U.S.-listed ETF assets have climbed $224 billion this year due to price appreciation and net inflows of $133 billion, according to ConvergEx Group.

There are more than 1,500 exchange traded products listed on domestic exchanges with total assets of $1.6 trillion. Meanwhile, aggregate daily volume in ETF trading is up 10% from last year, to $63 billion daily.

“The success of ETFs in gathering assets continued in the third quarter of 2013, and with just a few days to go inflows total $59 billion,” said Nicholas Colas, chief market strategist at ConvergEx Group, in a note Thursday.

He said tracking ETF flows provides useful information for several reasons.

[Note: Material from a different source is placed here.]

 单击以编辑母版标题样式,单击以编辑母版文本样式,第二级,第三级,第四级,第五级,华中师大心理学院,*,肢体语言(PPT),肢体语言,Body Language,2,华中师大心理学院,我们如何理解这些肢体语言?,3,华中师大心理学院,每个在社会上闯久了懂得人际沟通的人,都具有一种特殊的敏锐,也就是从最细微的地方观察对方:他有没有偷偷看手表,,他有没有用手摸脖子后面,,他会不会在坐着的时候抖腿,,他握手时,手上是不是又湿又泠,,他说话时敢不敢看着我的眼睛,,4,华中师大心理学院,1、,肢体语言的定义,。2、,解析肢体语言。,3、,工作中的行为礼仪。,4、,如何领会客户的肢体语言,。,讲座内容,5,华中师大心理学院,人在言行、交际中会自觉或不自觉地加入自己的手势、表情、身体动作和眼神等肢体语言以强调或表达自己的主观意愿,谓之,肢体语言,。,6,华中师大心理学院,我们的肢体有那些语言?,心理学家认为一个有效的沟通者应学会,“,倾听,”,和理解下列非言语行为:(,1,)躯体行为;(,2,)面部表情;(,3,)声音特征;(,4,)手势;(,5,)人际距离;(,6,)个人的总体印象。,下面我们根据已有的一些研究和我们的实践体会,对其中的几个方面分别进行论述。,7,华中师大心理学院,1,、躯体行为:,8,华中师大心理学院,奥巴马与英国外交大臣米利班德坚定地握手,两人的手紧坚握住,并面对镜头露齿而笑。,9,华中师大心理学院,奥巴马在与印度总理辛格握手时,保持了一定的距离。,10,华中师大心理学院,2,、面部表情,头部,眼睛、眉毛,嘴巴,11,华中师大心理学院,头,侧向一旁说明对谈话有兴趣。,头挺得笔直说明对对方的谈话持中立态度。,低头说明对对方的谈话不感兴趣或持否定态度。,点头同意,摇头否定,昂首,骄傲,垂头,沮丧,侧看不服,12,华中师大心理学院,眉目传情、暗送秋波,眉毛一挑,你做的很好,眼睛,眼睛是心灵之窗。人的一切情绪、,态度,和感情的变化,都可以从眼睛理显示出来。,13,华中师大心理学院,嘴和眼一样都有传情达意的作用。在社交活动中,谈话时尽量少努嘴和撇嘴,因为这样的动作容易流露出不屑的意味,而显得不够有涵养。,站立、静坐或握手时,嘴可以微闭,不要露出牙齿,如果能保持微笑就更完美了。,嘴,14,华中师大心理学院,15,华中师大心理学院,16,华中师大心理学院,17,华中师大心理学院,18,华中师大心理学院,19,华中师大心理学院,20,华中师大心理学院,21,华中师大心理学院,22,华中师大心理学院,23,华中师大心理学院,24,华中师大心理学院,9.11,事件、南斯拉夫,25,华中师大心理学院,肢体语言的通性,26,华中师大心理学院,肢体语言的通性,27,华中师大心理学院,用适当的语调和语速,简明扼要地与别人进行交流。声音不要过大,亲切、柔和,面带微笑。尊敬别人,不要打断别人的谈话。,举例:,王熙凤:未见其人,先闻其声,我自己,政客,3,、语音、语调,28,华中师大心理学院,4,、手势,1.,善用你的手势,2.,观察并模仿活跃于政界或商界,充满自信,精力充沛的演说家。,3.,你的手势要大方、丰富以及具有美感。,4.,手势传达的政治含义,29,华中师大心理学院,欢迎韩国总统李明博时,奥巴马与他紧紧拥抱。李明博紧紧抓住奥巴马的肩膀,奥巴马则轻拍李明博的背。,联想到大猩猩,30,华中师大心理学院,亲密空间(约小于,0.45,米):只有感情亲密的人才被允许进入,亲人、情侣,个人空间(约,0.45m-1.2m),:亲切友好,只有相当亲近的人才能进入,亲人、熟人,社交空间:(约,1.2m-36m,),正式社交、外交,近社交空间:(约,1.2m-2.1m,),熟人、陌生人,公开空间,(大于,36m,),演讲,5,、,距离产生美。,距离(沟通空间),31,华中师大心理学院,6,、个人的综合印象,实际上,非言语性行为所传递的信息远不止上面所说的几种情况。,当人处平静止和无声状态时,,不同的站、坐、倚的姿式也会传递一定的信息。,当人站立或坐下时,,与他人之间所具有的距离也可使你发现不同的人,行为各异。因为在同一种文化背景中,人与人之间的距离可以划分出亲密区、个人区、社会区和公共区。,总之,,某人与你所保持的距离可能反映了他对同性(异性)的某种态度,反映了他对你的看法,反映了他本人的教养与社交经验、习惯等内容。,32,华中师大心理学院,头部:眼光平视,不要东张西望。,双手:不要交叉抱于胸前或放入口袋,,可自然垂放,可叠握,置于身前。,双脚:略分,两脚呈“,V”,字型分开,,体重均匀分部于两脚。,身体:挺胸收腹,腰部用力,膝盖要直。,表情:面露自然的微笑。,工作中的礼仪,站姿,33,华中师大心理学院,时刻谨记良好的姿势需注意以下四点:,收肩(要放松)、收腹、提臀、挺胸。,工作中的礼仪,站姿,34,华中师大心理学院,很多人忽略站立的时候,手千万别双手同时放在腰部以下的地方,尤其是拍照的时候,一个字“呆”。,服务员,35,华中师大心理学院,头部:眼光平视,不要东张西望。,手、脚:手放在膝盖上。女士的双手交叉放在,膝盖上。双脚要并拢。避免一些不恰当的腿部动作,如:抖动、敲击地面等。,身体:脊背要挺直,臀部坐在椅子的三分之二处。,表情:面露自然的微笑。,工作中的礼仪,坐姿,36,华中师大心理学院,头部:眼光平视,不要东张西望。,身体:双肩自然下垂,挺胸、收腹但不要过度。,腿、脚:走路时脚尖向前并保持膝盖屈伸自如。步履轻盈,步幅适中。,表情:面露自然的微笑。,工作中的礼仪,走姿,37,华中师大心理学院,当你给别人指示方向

“First, ETFs have become an important go-to investment class for a variety of investors, from sophisticated hedge funds to mom-and-pop retail accounts.  Flows correspond to interest in a particular asset type such as U.S. stocks or gold.  Essentially, ETFs are to capital markets what Google Trends is to the Internet. Second, ETF trading can have direct effects on the underlying securities they track.  When demand for a given ETF investment outstrips the market’s natural liquidity, authorized brokers step in to ‘Create’ more shares by purchasing the underlying assets,” the strategist wrote.

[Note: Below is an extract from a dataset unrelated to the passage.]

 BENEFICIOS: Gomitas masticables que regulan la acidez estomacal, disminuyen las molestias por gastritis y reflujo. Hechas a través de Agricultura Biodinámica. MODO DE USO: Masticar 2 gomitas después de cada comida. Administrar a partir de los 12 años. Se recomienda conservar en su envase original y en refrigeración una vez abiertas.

“Lastly, the transparency of ETF trading and asset composition allows for a very granular look at market trends,” Colas added.  “Mutual fund flows, for example, only come out once a week and even then the data is delayed by a few days.  ETFs, by their nature, provide more detail than mutual funds and the information is available daily.”

Here are ConvergEx Group’s top 10 takeaways from ETF third-quarter flows:

1.       No “Great Rotation” yet.  If you thought Q3 was the beginning of a tidal wave of bond money flowing into stocks, the data doesn’t support that theory.  The stock/bond split of flows for all of 2013 is 89/9; for the third quarter it is 94/6. Not much of a difference.

2.       ETF investors are back to buying Emerging Markets.  Funds which track EM are up $4 billion quarter to date, versus a still negative $3.6 billion for the year 2013 as a whole.

3.       Gold/Precious Metals/Commodity funds still sloppy.  The large outflows from these former market-leading assets occurred in the first half of the year with $22 billion in redemptions.  Q3 is smaller – just $1.2 billion in commodity fund outflows.  Gold funds are the drivers of these results.  Note to the Federal Reserve: deflation is still a real threat, at least in the eyes of the ETF world.

4.       Inverse Leverage ETFs show remarkable resilience.   For the QTD, flows into these products total $1.7 billion, led by products which short small cap stocks, crude oil, the S&P 500, gold mining stocks, and NASDAQ names.

5.       That said, straight-up exposure is still the overwhelming driver of ETF flows.  Drilling down one decimal point, unlevered ETFs of all stripes (bonds, stocks, commodities, etc.) have drawn $57.7 billion of the total $58.7 billion in ETF flows this quarter.

6.       The hot sectors this quarter were Basic Materials, Technology and Health Care, each with over $2 billion of fresh money.

7.       On the not-so-hot side, financials and energy are losing traction with ETF investors after a strong first half.  Financials: $1.6 billion QTD, almost $7 billion YTD.  Energy: $1.2 billion QTD, $4.3 billion YRD>

8.       Stone cold: Industrials, which only garnered $29 million in fresh capital this quarter after $1.5 billion of inflows in the first half.  Left for dead: utilities, but that has been the case most of the year.  Negative $65 million QTD and negative $129 million for all of 2013.

9.       Actively managed funds – mostly fixed income at this point – continue to plow along raising small amounts of capital with $326 million for the quarter.  This will – eventually – be the next large growth area of ETFs.

10.   The final quarter is going to be bumpy.  Not in our helpful table but still useful is the one-week ETF money flows: negative $89 million.  It’s not unusual for ETFs to have down weeks for flows, of course.  And in the context of the post-FOMC sell-off, such a small number doesn’t really indicate much.  Over the last several years total ETF flows have run about $150-200 billion annually.  By that measure there is still a remaining $20 – 70 billion left to show up between now and December 31st.  How and when it comes will certainly have a say in whether we’ve seen the highs for stocks in 2013, or have one last hurrah.